EXERCISE BRIEF:
From the line that contains "These handmade ceramic" through the line that contains "Mentőhelikopter szállítja kórházba", output every line of the listing below exactly and leave out all the rest.

DATASET RECORDS:
Segment Open

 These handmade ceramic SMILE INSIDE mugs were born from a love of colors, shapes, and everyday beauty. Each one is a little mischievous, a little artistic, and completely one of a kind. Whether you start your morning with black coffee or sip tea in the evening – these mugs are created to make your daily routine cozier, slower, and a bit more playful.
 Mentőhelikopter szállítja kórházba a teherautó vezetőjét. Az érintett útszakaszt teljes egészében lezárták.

Segment Closed
Segment Open

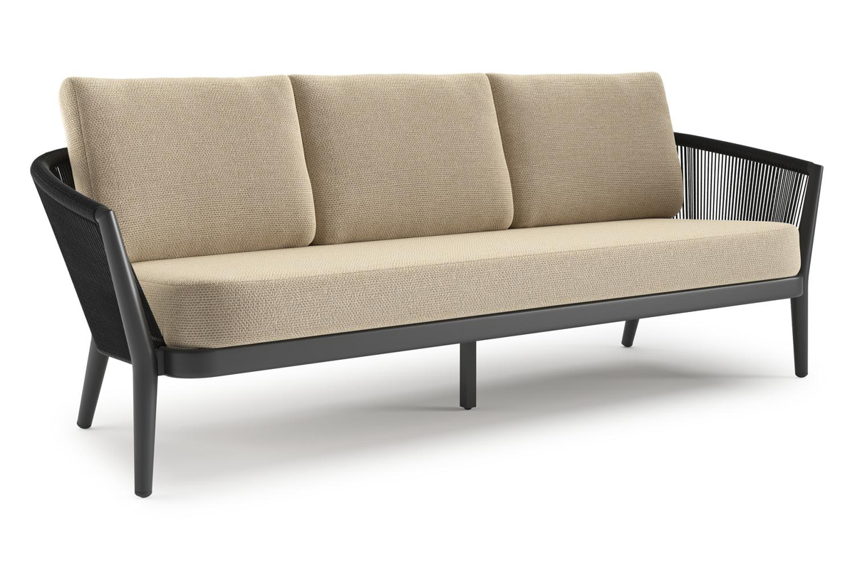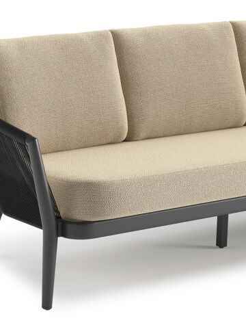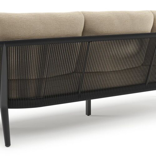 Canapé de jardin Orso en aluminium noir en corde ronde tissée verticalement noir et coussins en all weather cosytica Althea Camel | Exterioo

Segment Closed
Segment Open

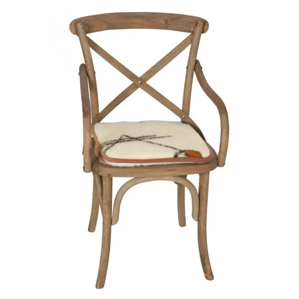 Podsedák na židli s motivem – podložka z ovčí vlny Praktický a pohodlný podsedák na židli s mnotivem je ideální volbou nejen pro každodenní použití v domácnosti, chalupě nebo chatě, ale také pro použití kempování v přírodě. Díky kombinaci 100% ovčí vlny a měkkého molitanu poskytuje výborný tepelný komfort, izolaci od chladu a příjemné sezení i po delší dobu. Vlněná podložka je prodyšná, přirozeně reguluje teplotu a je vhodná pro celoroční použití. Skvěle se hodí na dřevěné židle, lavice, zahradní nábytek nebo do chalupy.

Segment Closed

SOLUTION TO THIS EXERCISE:
 These handmade ceramic SMILE INSIDE mugs were born from a love of colors, shapes, and everyday beauty. Each one is a little mischievous, a little artistic, and completely one of a kind. Whether you start your morning with black coffee or sip tea in the evening – these mugs are created to make your daily routine cozier, slower, and a bit more playful.
 Mentőhelikopter szállítja kórházba a teherautó vezetőjét. Az érintett útszakaszt teljes egészében lezárták.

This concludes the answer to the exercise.